Good afternoon, I am Dr. Amanda Berhaupt, the Health Policy Director at the National Center for Health Research. We are a nonprofit think tank that evaluates scientific evidence on the safety and efficacy of drugs, biologics, and medical devices. We do not accept funding from entities with a financial interest in our work, so we have no conflicts of interest. I am a proud FDA alumna and appreciate the chance to share NCHR’s concerns about the TALAPRO-2 trial at this important meeting.
In 2023, the FDA approved an indication for Talzenna in combination with Xtandi for patients with metastatic castration-resistant prostate cancer (mCRPC) with an HRR mutation. Patients in the TALAPRO-2 trial who received Talzenna + Xtandi reported a better quality of life for longer than Xtandi alone. We applaud this progress for the indicated use that benefits patients’ well-being.
An article from the National Cancer Institute in 2023 with study authors urged patients who receive this diagnosis should get genetic testing to identify inherited mutations ‘for drugs that can target the specific alterations that drive someone’s tumor, and for screening for germline alterations in families.’
We are here today to discuss the potential expansion of indication for use in patients without an HRR mutation, representing the majority of patients with metastatic castration-resistant prostate cancer (mCRPC).
As you know, there were two cohorts in the TALAPRO-2 trial:
- Cohort 1 or the “all-comers” included everyone regardless of genetic mutation.
- And Cohort 2 enrolled only patients with a positive result with a genetic mutation.
We agree with the FDA’s viewpoint that the study design of the trial demonstrates flaws that complicate parsing results to understand if and how this drug combination provided the same benefits identified for those with an HRR mutation.
As we’ve heard, Overall Survival improved for all-comers in Cohort 1. However, some patients in Cohort 1 did not know their HRRm status and subsequent testing indicated that many within this cohort had the mutation.
Only 7% of patients with a HRRm tumor and 9% with BRCAm tumor received subsequent PARPi in the control arm. This likely influenced the difference observed in Overall Survival.
Currently, PARPi are approved only for patients with those tumor mutations. Trials of other PARPi have not supported an all-comers indication. So, we agree with FDA scientists that data from trials of other PARP inhibitors in prostate cancer and the TALAPRO-2 trial that we are discussing this afternoon, strongly indicate that “efficacy of PARPi is attenuated, if not absent, in biomarker-negative patients.”
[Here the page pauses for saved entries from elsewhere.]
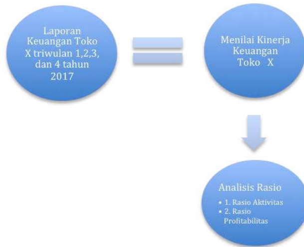
Gambar 1. 2 Kerangka Pemikiran

Dalam menyusun makalah ini, penulis mengumpulkan informasi mengenai proses bisnis yang dilakukan oleh pemilik dalam menjalankan bisnisnya selama ini dan mengumpulkan semua catatan keuangan yang dimiliki oleh pemilik. Setelah mengetahui proses bisnis dan mendapat catatan maupun data-data yang dibutuhkan, penulis kemudian menyusun laporan keuangan berupa laporan laba rugi dan neraca berdasarkan data yang didapat dari pemilik Toko MG. Setelah Laporan Laba Rugi dan Neraca selesai dibuat, penulis akan menganalisis kinerja laporan keuangan perusahaan selama 1 tahun dengan menggunakan analisis rasio, yang terdiri dari rasio profitabilitas, dimana penulis ingin membahas tentang kemampuan Toko MG dalam menghasilkan profit atau laba bagi pemilik Toko tersebut. Dalam analisis ini ada tiga rasio profitabilitas yang diukur, yaitu margin laba kotor, margin laba operasional, dan margin laba bersih. Dan yang kedua adalah rasio aktivitas dimana peneliti ingin membahas tentang seberapa efisien dan efektif perusahaan dalam mengelola aset yang dimiliki. Dalam analisis ini ada tiga rasio aktivitas yang diukur, yaitu perputaran persediaan, perputaran aktiva tetap, dan perputaran total aktiva. Setelah menganalisis laporan keuangan tersebut maka akan dapat diketahui bagaimana perkembangan kinerja keuangan Toko MG triwulan I, II, III dan IV selama tahun 2017 setelah dibuatnya laporan keuangan.
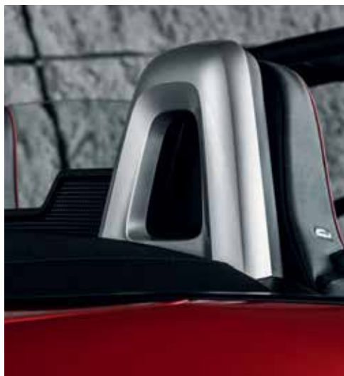
Coques de rétroviseur argenté, revêtement fashion bar argenté, garniture de montant avant argenté (Roadster)
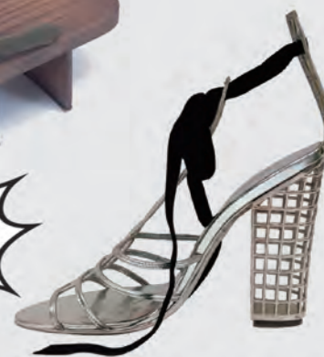
靴 フランス イヴサンローラン 1990年代
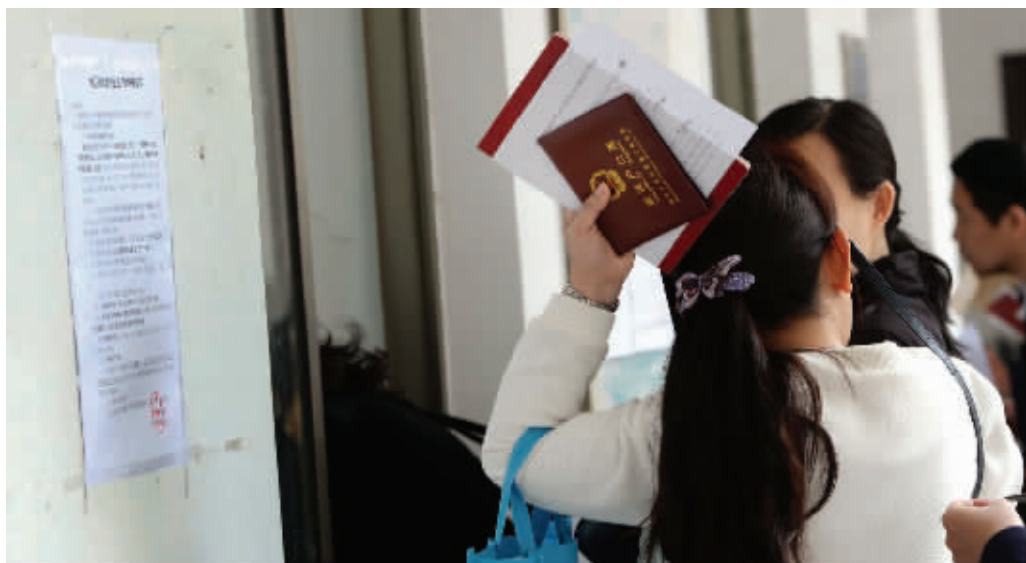
南京跨区就读小学生回区登记第一天,不少家长带着各种证件排队报名

陵汇文学校的学区,孩子想在这所学校上学。这位家长倒也没有隐瞒,表示自己在外区有100%的产权房,但他认为,自己也有鼓楼区房子的产权,应该能入学。

To evaluate the efficacy of this drug combination for patients with negative HRR test results, a larger sample size and adequate power are needed. This is because it is a known predictive biomarker, and most mCRPC patients do not have that biomarker.
We also have Safety concerns from the TALAPRO-2 trial.
The combination of Talzenna and Xtandi led to greater toxicity in patients without genetic mutation than observed in the placebo group, with more incidences of high-grade and serious adverse reactions, which led some to discontinue treatment and reduce dosage.
Further, toxicity in patients without tumor mutations who received Talzenna and Xtandi, increased with age. This affects the risk:benefit ratio for biomarker negative patients, for whom any benefits are not statistically significant and may not be clinically meaningful.
Results also showed that by adding Talzenna to Xtandi in negative biomarker patients, there was increased risk for hematologic toxicity.
There were also higher rates of anemia, attributed to cytopenias (or a lower number of mature blood cells), which led to 52% of patients needing at least one blood transfusion.
Although the incidence of anemia and transfusions decreased over time, likely a result of lower dosage, the higher rate of adverse reactions can still lead to significant consequences for patients, particularly in a first-line disease setting where patients typically display minimal symptoms.
Comparisons across trials raise questions about whether adding Talzenna to Xtandi has a favorable benefit-risk profile in patients without HRRm.
Is this data sufficient to justify expanding the indication to include patients without this genetic mutation?
The reason is that while there were statistically significant improvements in radiologic Progression Free Survival and Overall Survival in Cohort 1, the study design limited the ability to examine the impact on patients without mutations. The study did not include an adequate sample of patients or statistical power to confidently answer that question.
This is important since most patients with mCRPC do not have a HRR mutation.
Just yesterday, Commissioner Makary made it clear that the FDA must not approve a product unless research confirms that the benefits outweigh the risks. It is not at all clear that the benefits outweigh the risks for an expanded indication of Talzenna and Xtandi to patients without the HRRm gene mutation. NCHR strongly recommends that the Applicant further research and explore whether the benefits outweigh the risks for this patient population.